Благословив детей еще раз, он стал наблюдать за их уходом. Они уходили не по той дороге, по которой пришли, и которая вела к городу, а по узкой, еле заметной тропе, которая отходила от восточной стены церкви. Это тропинка спускалась в овраг недалеко от стены и терялась из виду. В последний раз, озорной Манук, который как всегда был весел, обернулся, посмотрел на отца, наивно улыбнулся и скрылся за стеной.
Они ушли. Сердце отца немного успокоилось. Солнце медленно и неуклонно шло к западу. Быть может это последнее солнце, которое ему суждено видеть. Вдруг, луч, словно оторвавшись от солнца, ослепил его, ударив ему в глаза. Отец закрыл глаза. Он вспомнил 1896 год. Тогда он учился в Эчмиадзине. В духовной семинарии святого Георгия. Вспомнил как однажды, летним утром прогуливался с учителем и наставником – отцом Грикором по саду. Вдруг между ветвями деревьев проскочил луч солнца и, как теперь, ударил отцу Грикору в глаза. Он закрыл их. Потом долго молчал.
- Вам плохо отец – спросил Оваким.
- Нет, просто солнце дает знать, что мы больше не встретимся. Я ее с Земли больше не увижу.
На следующее утро отец Грикор не встал с постели.
Этот случай врезался в его сознание, и неизвестно почему, но он всегда ждал того же знака от солнца. Тогда он был молод, и его мужественное лицо еще не покрылось морщинами. То был 1896 год, церковь боролась против посягательств царских чиновников. А сейчас 1915 год, и солнце ему послало тот же знак, и он был более чем уверен в его значении.
Отец зашел в церковь и около полу часа молился. Потом обошел все ее углы, трогая руками алтарь, стены, будто прощаясь. В церкви было почти пусто, все что мог, он отправил на восток, среди них были и некоторые манускрипты, или же заплатил курдам.
Он вышел, и сел на камне около входа. Он стал ждать. Дул слабый ветерок и на горизонте розовели облака. Он ждал чего-то, но взгляд его был спокоен, несмотря на то, что он знал, что его одиночество скоро будет нарушено.
Люблю людей, которые рисуют улыбку на моем лице...
И вправду, не прошло и пяти минут, как на дороге показалось облако пыли, затем на дороге показалась группа всадников. Это были жандармы. Точнее жандармом был лишь тот, кто скакал спереди. Это был мюдир Баяр Махмуд. За ним скакали шесть всадников без формы, одетые в разноцветную одежду.

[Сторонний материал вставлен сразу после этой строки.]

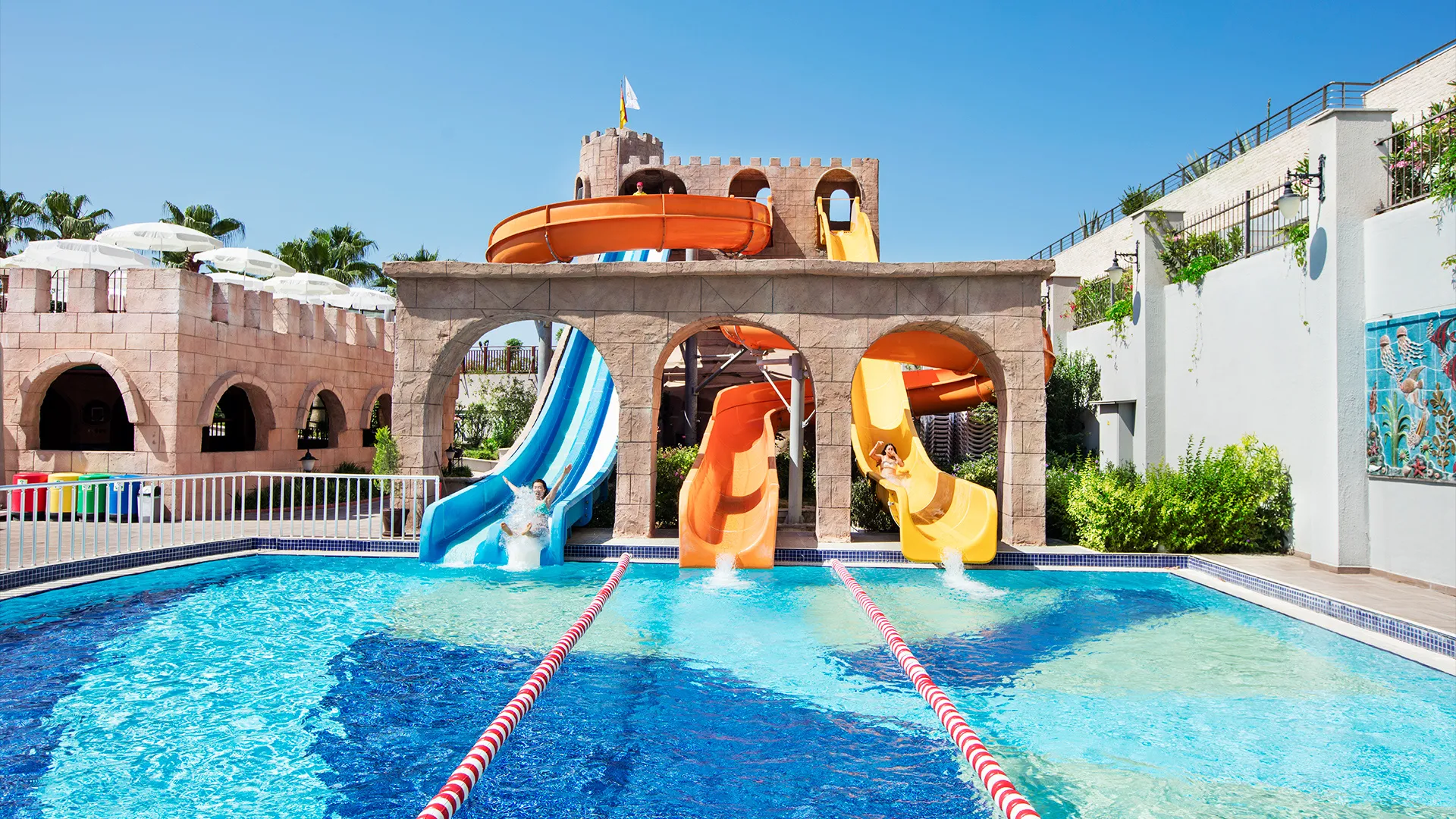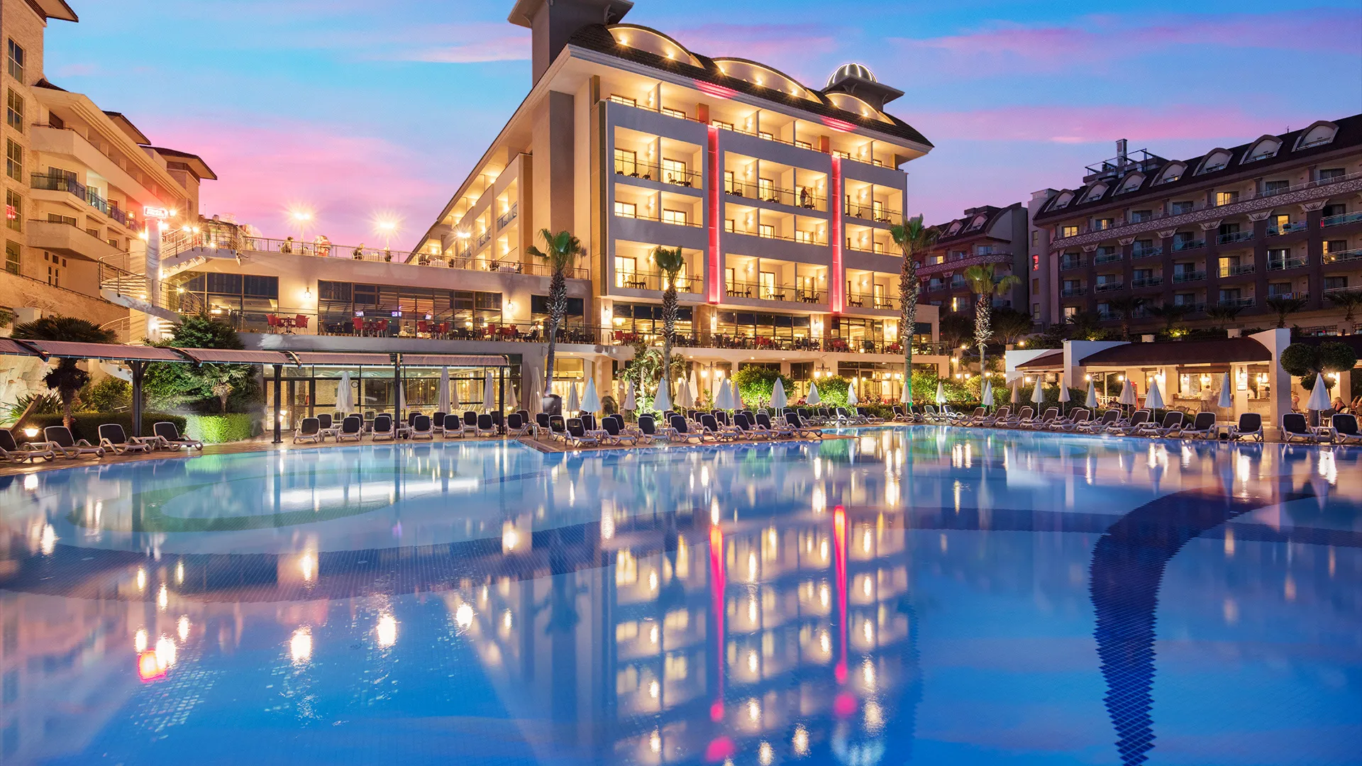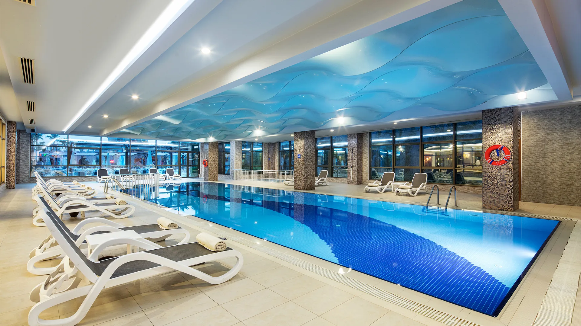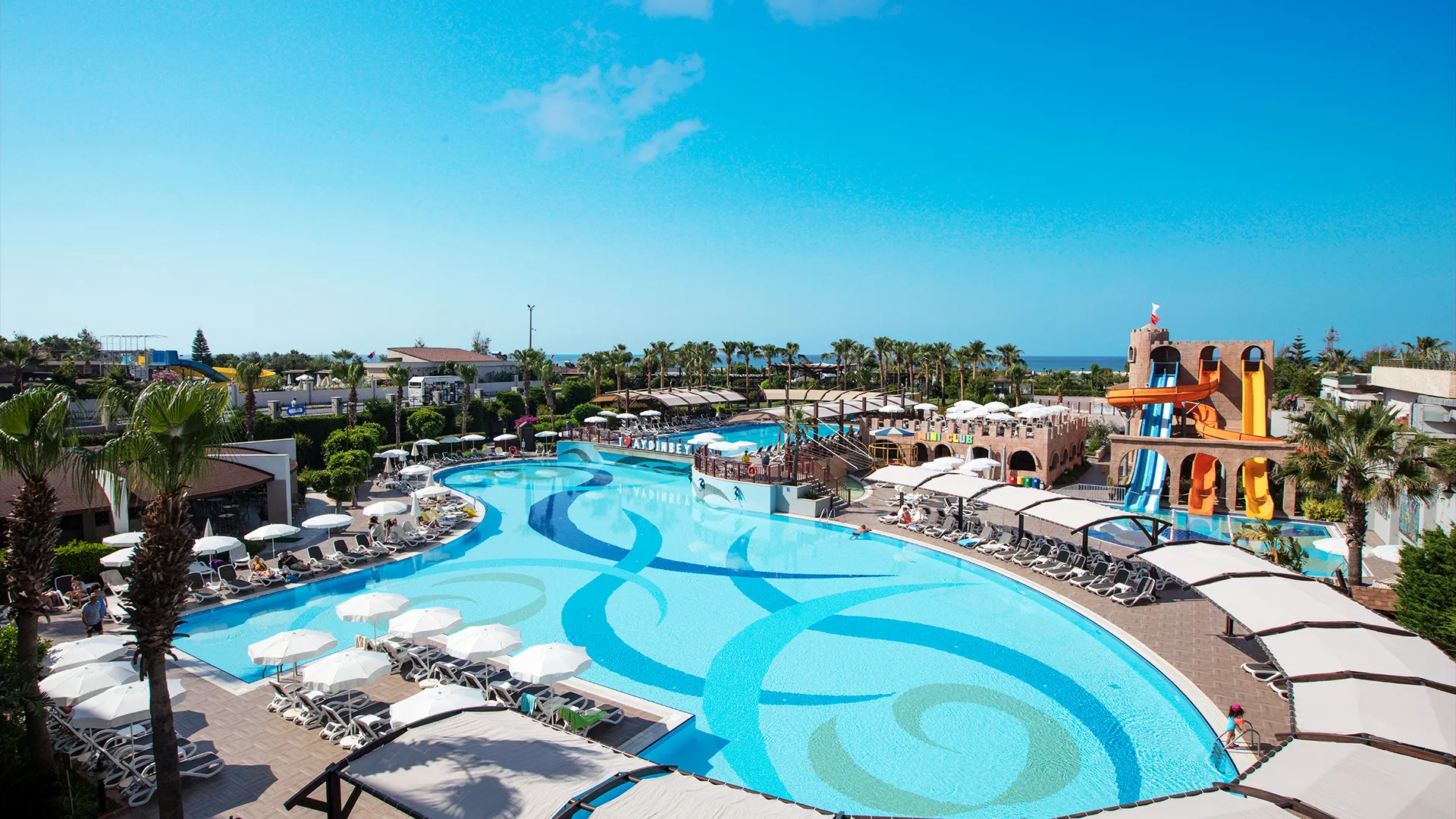 Хотелът разполага с обширен комплекс от басейни, включително открити и закрити, като гостите могат да се насладят на слънчевите лъчи и освежаващите водни процедури. Собственият плаж на хотела е идеално място за релаксация и забавление на брега на морето.
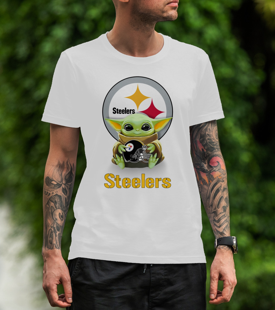Steelers Baby Yoda Holding Pittsburgh Helmet T-Shirt
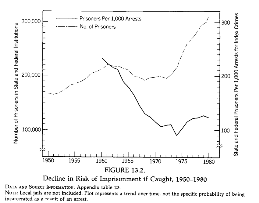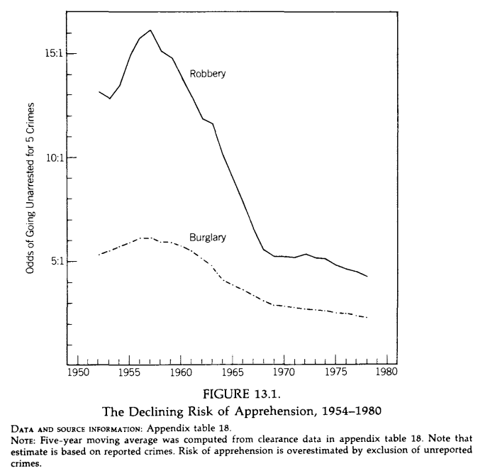 Like the collapse in marriage and working among poor young Americans post-Great Society, the spike in crime also has a rational, incentives-based explanation: odds of getting away with it got much better, and risk of imprisonment if caught fell. Image
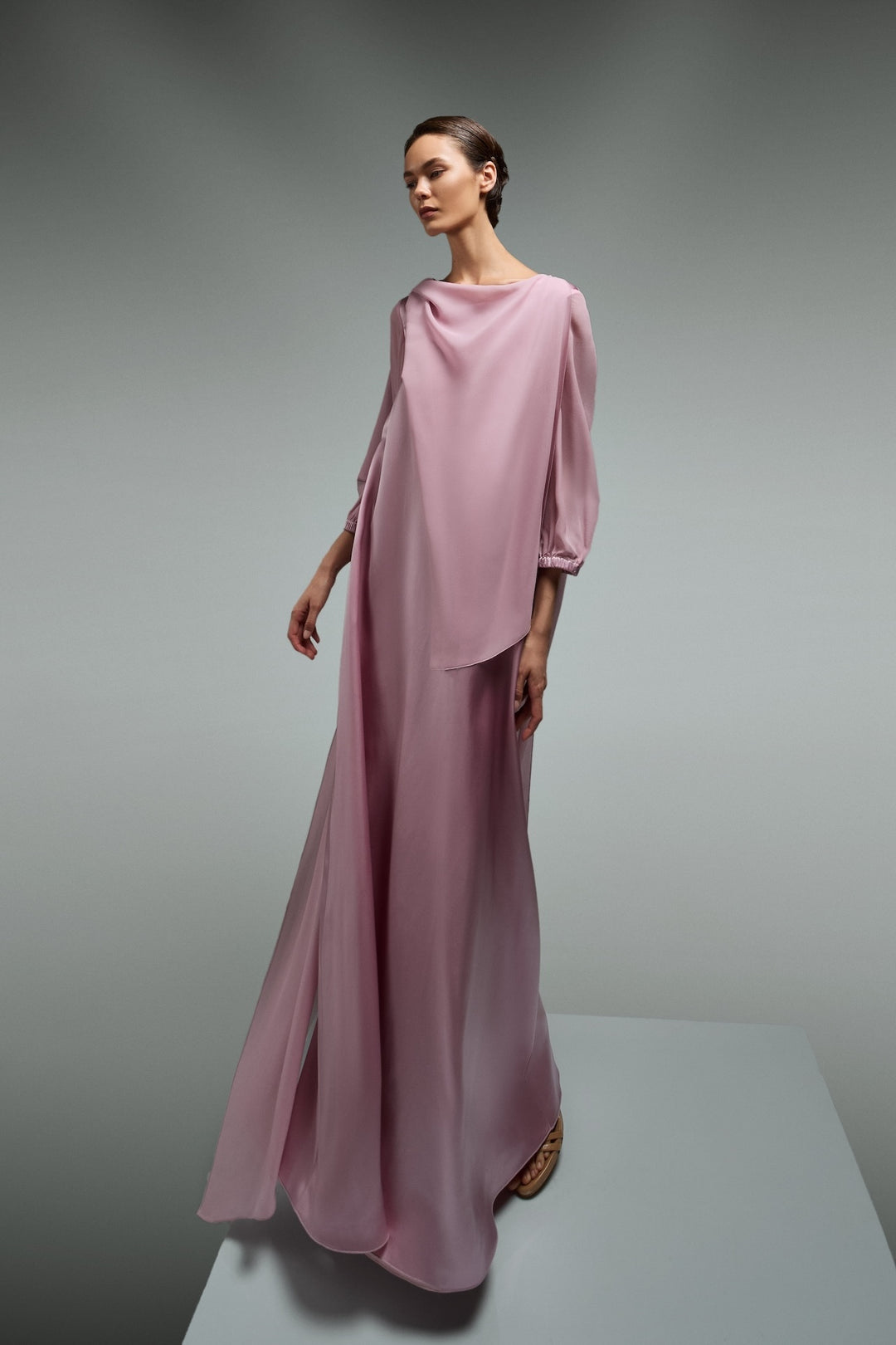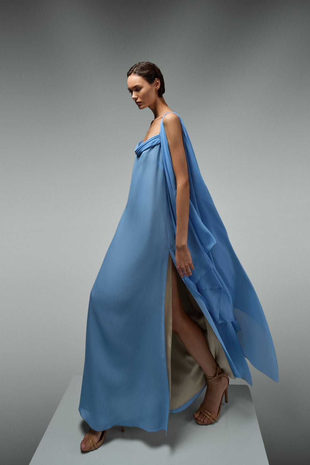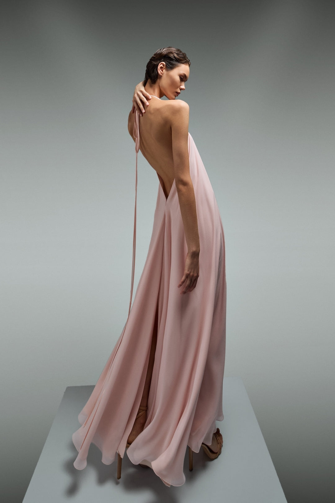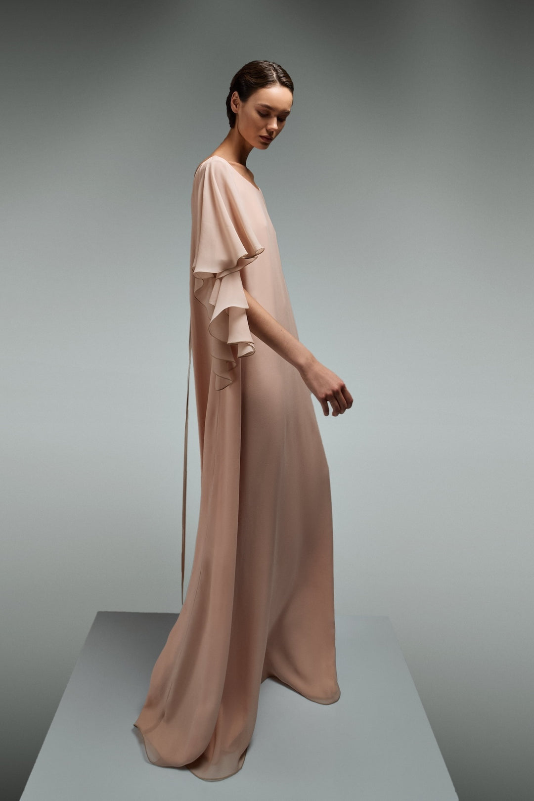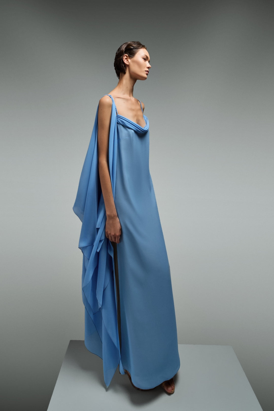 Le cappe di georgette nude sono un capolavoro di architettura del tessuto, che si ricompone sul corpo, guidato dai piping di raso ai bordi.
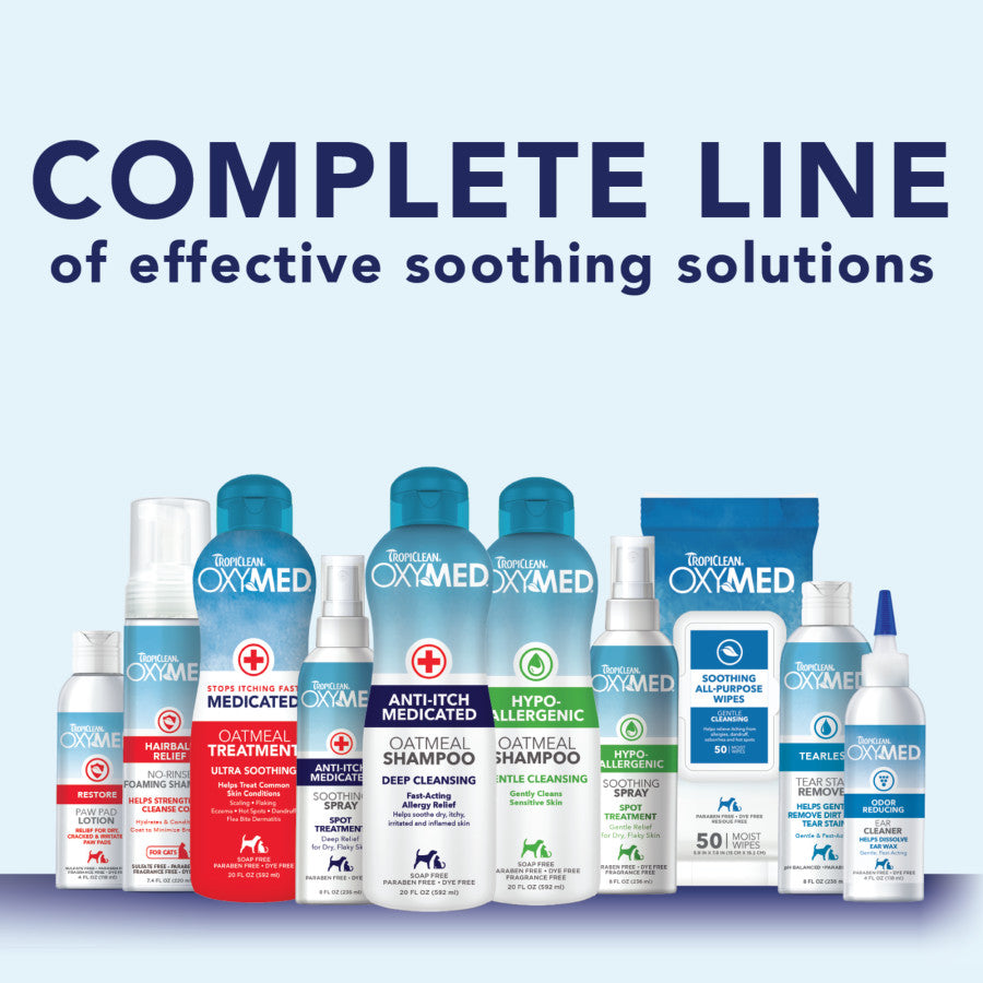 OxyMed Hairball Relief No-Rinse Foaming Shampoo is enriched with a botanical blend of blueberry and kiwi extracts. This hydrating formula contains provitamin B5 and nourishing proteins that help minimize breakage and promote healthy skin and coat.
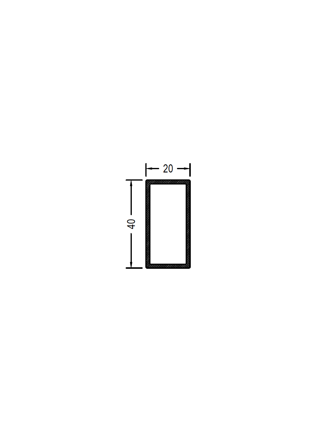 Perfil rectangular de 40 mm x 20 mm y 1.3mm de espesor
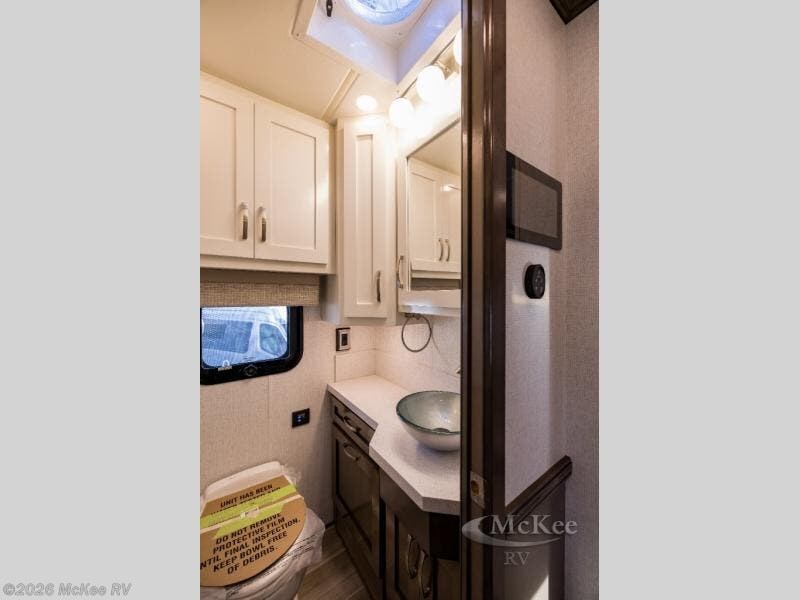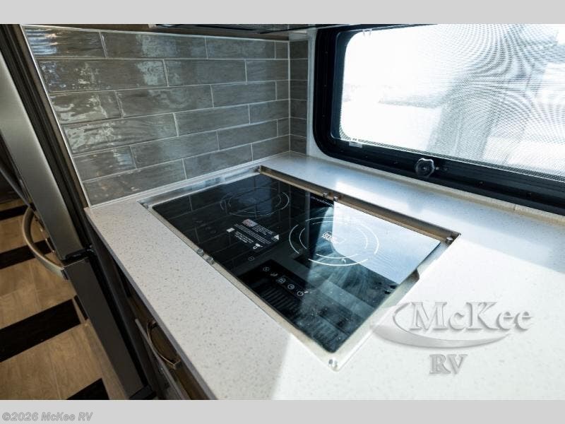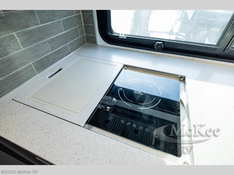 Traveling with friends and family is easier than ever in this coach with a bath and a half plus sleeping space for five to six! There is a hide-a-bed sofa across from a TV on power lift to make movie nights fun and a booth dinette to dine at or sleep an extra guest or two. The chef of your crew will love the spacious kitchen with an all-electric flush mount induction cooktop and a countertop extension for more prep space. There is also a pantry and a 19.7 cu. ft. refrigerator that provides tons of food storage space. The mid-ship half bath is centrally located for easy use, and the full rear bath includes a wardrobe with washer and dryer prep if you want the option to make wash day easier. When you're ready for some shut-eye, the queen bed slide out in the master bedroom is sure to bring a great night's rest!

Головы их были обмотаны тканью непонятного, бурого цвета. Это были курды из племени Аширет. Они остановились напротив церкви. Все спешились. Мюдир в пыльных сапогах подошел к священнику. Тот встал и теперь стоял у входа в церковь, своим величественным видом огораживая святилище от нечестивых. Он казался очень большим и казался на голову выше мюдира. Мюдир подошел в отцу и сказал.
- Ну, гяур показывай, где тут у тебя что? Правительство приказало эвакуировать имущество. Мне положено все обыскать и все дорогое изъять для военных целей.
- Понимаю, весьма мудрое решение правительства. Но здесь нет ничего дорогого – сказал отец спокойным голосом.
- Нет говоришь!? – сказал мюдир зло улыбнувшись – Лучше отдай все спрятанное, а то сами найдем.
- Нечего было прятать и нечего находить – ответил отец тем же спокойным голосом.
Мюдир сделал знак, и курдская чернь прошла в церковь, и начала крушить и ломать все в поисках золота. Около десяти минут из церкви доносились треск и грохот, и все это время отец Оваким смотрел в глаза мюдиру. Странная вещь! Глаза мюдира были полны беспокойства, то ли он чувствовал, что делает нехорошее дело, то ли это было страхом перед взглядом отца. Так или нет, но он боялся, и этот страх был виден в его глазах, сколь бы он не старался предать им грозный вид. У отца же в глазах был покой.
Вскоре шакалы вышли из церкви, и, толкнув отца в сторону, доложили мюдиру, что ничего не нашли. Только несколько книг.
- Я же говорил вам, это не сокровищница.
Мюдир покраснел от злости. Он вынул ятаган и угрожающе закричал:
- Ах ты, неверная собака!!! Ты торгаш! Я знаю, что у тебя есть золото!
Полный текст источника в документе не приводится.